Gustave Le Gray, Marine, étude de nuages, 1856-57, tirage sur papier albuminé à partir de deux négatifs sur verre au collodion, 31×39.8cm, MUCEM, prêt au Musée de Troyes

Une étape passionnante de cette réflexion sur la photographie est le fameux montage de Gustave Le Gray qui assemble un ciel et une mer photographiés séparément : point séminal de toutes les discussions sur la retouche et la véracité photographique, mais aussi première manifestation d’une volonté (délibérée ou dissimulée ?) de distanciation de la photographie réaliste, représentative, indicielle : faire œuvre originale pour mieux (dé)montrer, utiliser un appareil qui ne fonctionne pas (plus) comme un œil, qui n’est plus seulement un organe de vision reproduite autant que possible à l’identique, mais qui est devenu un dispositif de création. L’étape suivante est Stieglitz et ses Equivalents, photos de nuages où le motif, la forme priment la représentation.

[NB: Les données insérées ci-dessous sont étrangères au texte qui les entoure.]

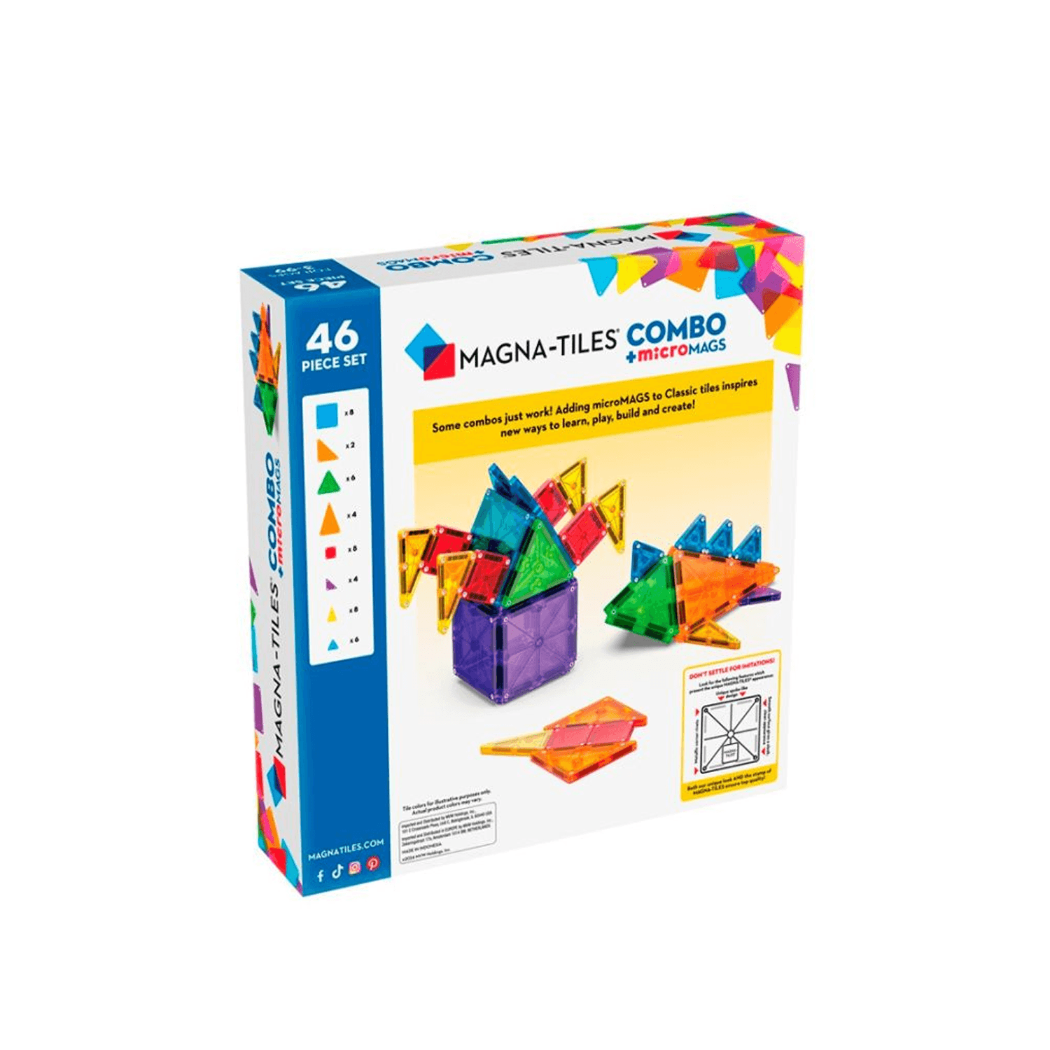 Set de construcción magnético con 20 piezas de tamaño estándar y 26 piezas pequeñas MicroMags, de Magna-Tiles.
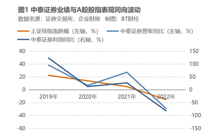 就连2023年一季度券商业绩回暖,也主要是因为当季A股表现回升。4月初,中泰证券在行业内一马当先率先披露季报,营收净利同比双增,营收录得35.7亿元、同比增长92.77%,归属净利润录得11.53亿元,同比增长424%。那时候上证指数走出“小阳春”行情,当季上涨5.94%。
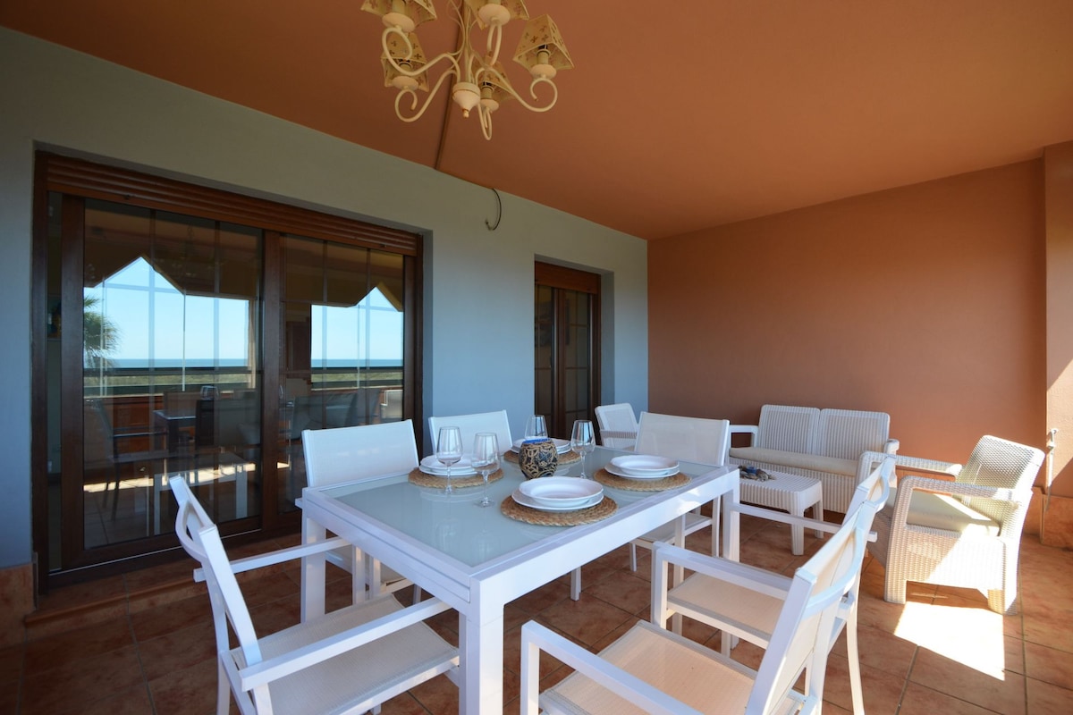 Apartamentai paplūdimyje su 2 balkonais/terasomis (vienas balkonas nukreiptas į pietus, vaizdas į paplūdimį, puikiai tinka degintis, skaityti ir valgyti žiūrint į vandenyną; kitas balkonas nukreiptas į šiaurę, vaizdas į Guadianos upę).

Alvin Langdon Coburn, Vortograph, 1917, 20.8x15.7cm, Eastman Museum Rochester

Alvin Langdon Coburn, Vortograph, 1917, 20.8×15.7cm, Eastman Museum Rochester

De là, on part vers l’abstraction, vers la photographie dont les motifs géométriques ne sont pas reconnaissables, mais qui, disent certains, étant encore et toujours une capture du réel devant l’objectif, n’est pas une véritable photographie abstraite, mais une photographie d’abstrait : les pavés de Brassaï et les bols de Strand restent plus proches du réel, alors que les prismes du vortographe de Coburn s’en éloignent. On pourrait presque s’arrêter là, avec des photogrammes de Man Ray et de Moholy-Nagy, avec des séries des Becher, de Boltanski ou de Feldmann, avec le conceptualisme photographique d’Anastasi, de Snow et de Dibbets (qui a l’élégance de ne montrer qu’une seule de ses photographies). Et on pourrait conclure avec les œuvres dépouillées et sèches de James Welling ou de Liz Deschenes (deux exemples de la photographie expérimentale américaine contemporaine), en regard de citations de Flusser et de Moholy-Nagy prônant le non-respect des règles et des codes. Et on aurait été admiratif devant la richesse visuelle et conceptuelle de cette exploration photographique.

Seth Price, Letters, 2012, toiles et doublures imprimées, 243x243x5cm

Seth Price, Letters, 2012, toiles et doublures imprimées, 243x243x5cm

Il est donc particulièrement dommage que la dernière section regroupe des « objets photographiques », concept bancal dû au critique Markus Kramer, regroupant des photographies appliquées sur des objets tridimensionnels dont, malgré un jargon très postmoderne, on peine à percevoir l’intérêt autre que spectaculaire.